I was in appling and he is in his  first year . no I do not feel like a poacher and yes I feel 283 is kind steep. if I had 4 or 5 I think I would be a poacher and deserved the fine.


----------



## hawgrider1200 (Mar 25, 2009)

No u aren't a poacher, but we may all become that if this economy don't get right. Gas is steadily creeping back up and diesel fuel too. U know what that does to food prices. Now the dang ammo is going through the roof and guns are even getting higher priced. Glad I got a dozen or so already. now if i just had a few hundred rounds of ammo for each of them. Make sure u don't buy 1000 rounds at once though cuz the Homeland Security Gestapo might come get ya.


----------



## wranglerjoe1968 (Mar 25, 2009)

I was turkey hunting a couple of years ago in the afternoon.  I had taken my son that morning and borrowed a gun for my son to carry.  My son did not go that afternoon o that weapon was sitting in my truck.  They checked all of our guns standing around then saw the one sitting in my truck.  They even checked that one.  He had already checked everyone's gun that was hunting that was just an extra gun.


----------



## oldman 45 (Mar 25, 2009)

Gotta be ready when you go to the forest


----------



## Son (Mar 25, 2009)

*Am you a poacher?*

Hmmm, I've never tried to put more than three shells in my ol gun...
Personally, if I had been the man who checked you, I would have warned ya, and let ya slide.
Guess he's never made a mistake...


----------



## doublelungdriller (Mar 25, 2009)

no .

and the plug law is  anyway.


----------



## shdw633 (Mar 25, 2009)

trailhunter said:


> Say three "GO DAWGS!" and all will be forgiven.

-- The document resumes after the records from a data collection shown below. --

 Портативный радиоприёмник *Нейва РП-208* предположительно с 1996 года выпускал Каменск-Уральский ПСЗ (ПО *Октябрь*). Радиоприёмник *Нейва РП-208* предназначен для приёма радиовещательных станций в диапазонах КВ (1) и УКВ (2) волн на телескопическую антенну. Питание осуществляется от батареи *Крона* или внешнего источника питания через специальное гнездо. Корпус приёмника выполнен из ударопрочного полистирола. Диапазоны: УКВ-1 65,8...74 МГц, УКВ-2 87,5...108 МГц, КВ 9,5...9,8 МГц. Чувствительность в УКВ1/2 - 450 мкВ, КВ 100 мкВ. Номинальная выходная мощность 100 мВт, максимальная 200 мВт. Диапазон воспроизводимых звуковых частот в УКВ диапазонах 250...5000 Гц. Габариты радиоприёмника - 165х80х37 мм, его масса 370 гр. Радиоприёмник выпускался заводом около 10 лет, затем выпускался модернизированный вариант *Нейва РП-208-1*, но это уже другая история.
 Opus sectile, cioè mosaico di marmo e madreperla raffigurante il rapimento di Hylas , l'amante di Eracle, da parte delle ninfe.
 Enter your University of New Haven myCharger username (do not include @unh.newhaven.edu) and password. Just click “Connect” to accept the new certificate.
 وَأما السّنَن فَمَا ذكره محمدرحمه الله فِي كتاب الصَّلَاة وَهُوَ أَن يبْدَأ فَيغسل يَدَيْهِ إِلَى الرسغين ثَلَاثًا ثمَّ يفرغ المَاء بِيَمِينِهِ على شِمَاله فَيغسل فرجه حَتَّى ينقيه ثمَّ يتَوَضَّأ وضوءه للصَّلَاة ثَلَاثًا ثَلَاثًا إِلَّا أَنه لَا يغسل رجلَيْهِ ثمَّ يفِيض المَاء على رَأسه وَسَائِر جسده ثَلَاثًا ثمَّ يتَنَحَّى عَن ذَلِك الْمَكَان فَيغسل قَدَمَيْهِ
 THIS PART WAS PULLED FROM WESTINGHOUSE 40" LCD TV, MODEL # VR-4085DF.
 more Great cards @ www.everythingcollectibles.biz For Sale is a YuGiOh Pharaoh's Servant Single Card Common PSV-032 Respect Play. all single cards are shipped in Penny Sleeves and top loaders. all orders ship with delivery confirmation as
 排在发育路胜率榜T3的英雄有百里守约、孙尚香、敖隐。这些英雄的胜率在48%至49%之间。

Wow!! You do punish lawbreakers hard in Georgia!!


----------



## Six million dollar ham (Mar 25, 2009)

Were those the only 3 shells on your person?  I don't know if there's a precedent, but that could be worth mentioning in court if it was the case.  It's kind of pointless to have a plug if you only have 3 shells.  

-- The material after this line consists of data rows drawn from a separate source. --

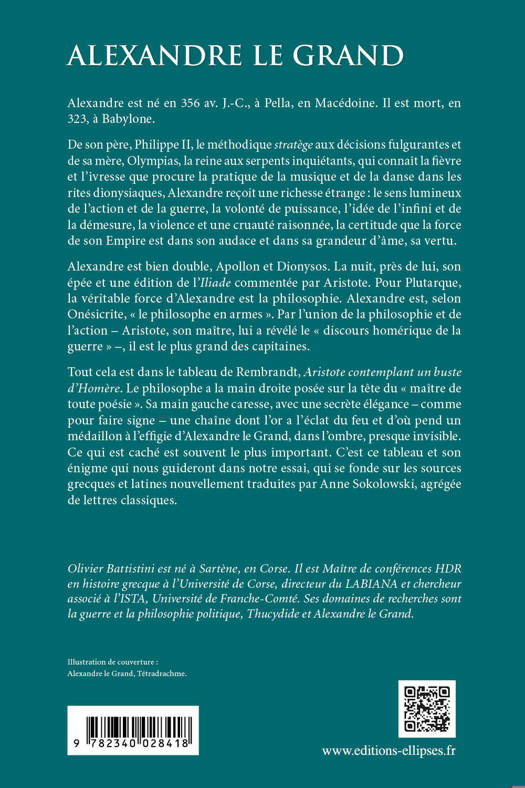 Alexandre est bien double, Apollon et Dionysos. La nuit, près de lui, son épée et une édition de l’Iliade commentée par Aristote. Pour Plutarque, la véritable force d’Alexandre est la philosophie. Alexandre est, selon Onésicrite, « le philosophe en armes ». Par l’union de la philosophie et de l’action – Aristote, son maître, lui a révélé le « discours homérique de la guerre » –, il est le plus grand des capitaines.
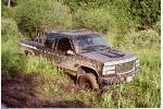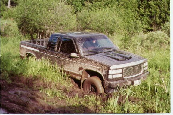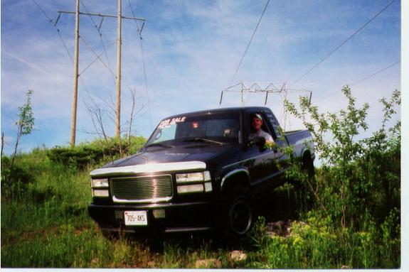 black,gmc grill w/billet insert,smoothed painted diesel bumper with billet,euro tails,smooth steel roll pan,2" lift,285/70R15 on 15x8 rockcrawlers
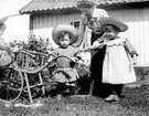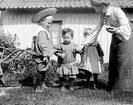 Långåker, nedanför ladugårdarna. Till vänster Nikolina Andersson, Långåker f. 1876 d. 1961. Till höger sommargästen Stina Eriksson, Bergås, Hallen f. 1906 d. 1967 med sonen Bo f. 1930 d. 2011.
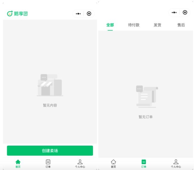 在鵝享團的首頁,團長需要創(chuàng)建一個“賣場”,賣場內(nèi)陳列著團長的商品。團長可以將商品分享到微信群和微信好友內(nèi),當(dāng)有用戶購買商品后,團長會在后臺收到訂單信息,然后由團長開始發(fā)貨,發(fā)出的商品信息會在展示在“訂單”中。此外,團長還可以在“訂單”頁面查看商品付款狀態(tài)以及售后情況。
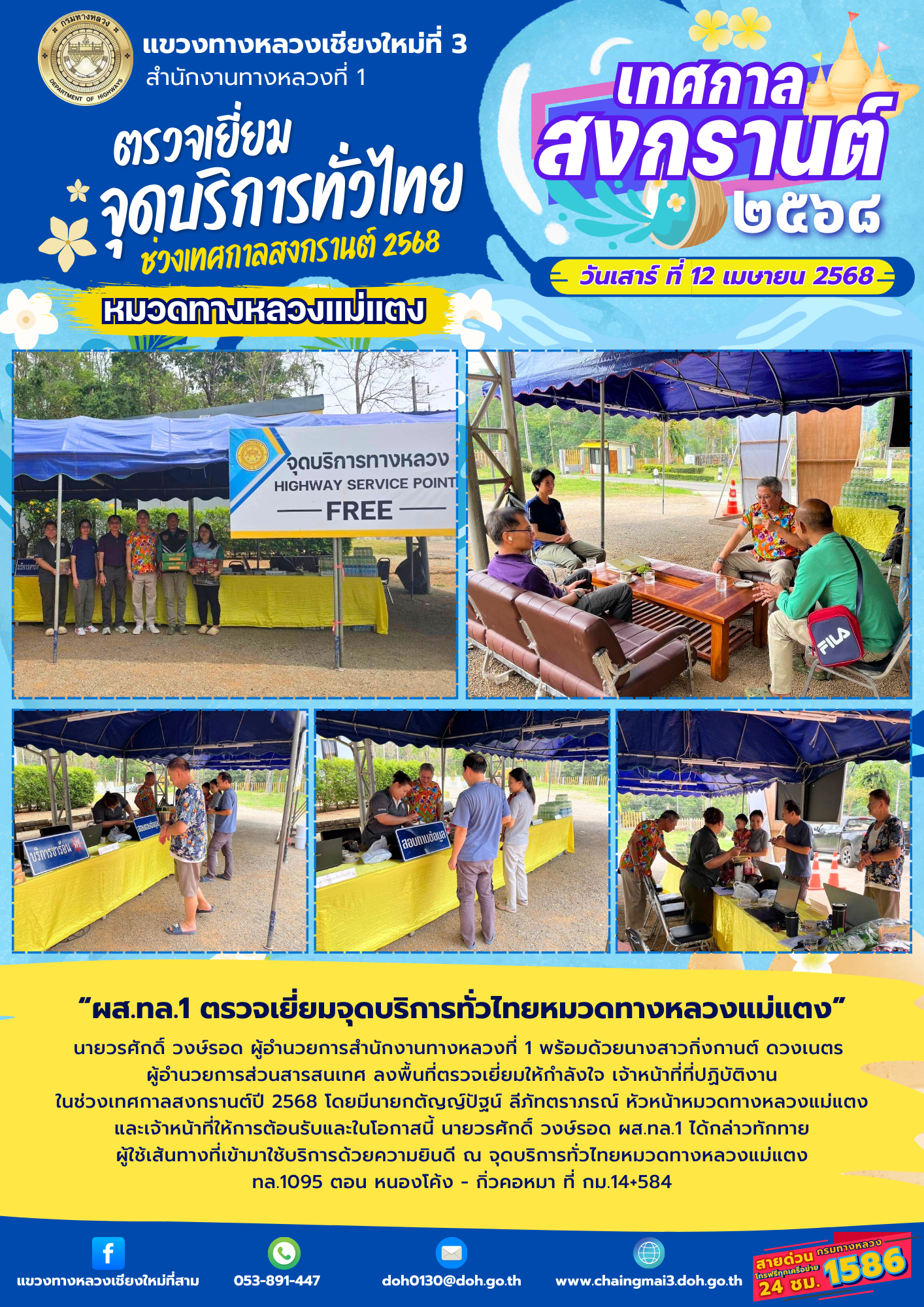 “ผส.ทล.1 ตรวจเยี่ยมจุดบริการทั่วไทยหมวดทางหลวงแม่แตง”

But then again, DNR is largely in the field to collect money anyway.  They're paid to do and not to think.  Judges might be different.


----------



## Allen Waters (Mar 25, 2009)

i would define poaching as the intent to or act of taking game illegally. i don't believe that was your intent and you did not take any game so no. You are not a poacher as i would define it. you broke a law unintentionally but was not poaching in my book.


----------



## wranglerjoe1968 (Mar 26, 2009)

Son said:


> Hmmm, I've never tried to put more than three shells in my ol gun...
> Personally, if I had been the man who checked you, I would have warned ya, and let ya slide.
> Guess he's never made a mistake...


I am with you.  There were only three shells in the gun so you are not taking advantage of there being no plug so why push it.  Give  a warning.


----------



## longbearded1 (Mar 26, 2009)

So am I correct in assuming that in Georgia you must have a plug in your gun to turkey hunt? That is a messed up law. One thing I will add, warden has no way of knowing if the guy had already fired his gun, meaning he could have had more shells than three at some point.


----------



## GoHogging (Mar 26, 2009)

according to the definition of poacher... no you're not a poacher...

poach 2 (pch)
v. poached, poach·ing, poach·es 

1. To trespass on another's property in order to take fish or game.
2. To take fish or game in a forbidden area.
3. To become muddy or broken up from being trampled. Used of land.
4. To sink into soft earth when walking.
5. 
a. To take or appropriate something unfairly or illegally.
b. Sports To play a ball out of turn or in another's territory, as in doubles tennis.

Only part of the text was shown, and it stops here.